It's not enough to oppose confrontation with Saddam - the world must come up with an alternative that does not abandon the Iraqi people to endless suffering, says Christoph Bluth
We don't know when and we don't know how but if we believe the pronouncements of President George W. Bush, the war to eliminate the Iraqi regime of Saddam Hussein is coming. A massive international confrontation is being played out in slow motion.
The US administration is driven by the conviction that Saddam poses a danger to international security, that Iraq supports international terrorism and that it is likely that at some time in the future it will have nuclear weapons at its disposal.

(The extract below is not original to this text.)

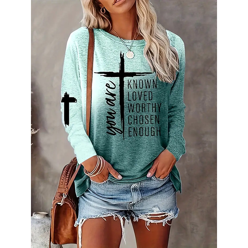 Women's T Shirt Graphic Gradient Letter Vintage Stylish Classic Long Sleeve Crew Neck Regular Tops Daily Print Light Brown Purple Gray Light Blue Spring Fall Winter

In line with the national security concept that has emerged since September 11, the US is committed to deal with threats before they have fully emerged. The US perceives itself as the dominant military and economic power in the world and likely to remain so for some time to come.
Moreover, under Bush it believes that the United Nations is not capable of dealing with conflicts and threats to international security, especially in the age of international terrorism, and that the laws of war are insufficient to address the new threat. Its astonishing success in Afghanistan has reinforced the perception of US superiority to the point that an impression is taking hold that America can do virtually anything. Hence the debate as to whether Saudi Arabia should be officially considered an enemy of the US for harbouring terrorists and be targeted with a view to seizing its oilfields.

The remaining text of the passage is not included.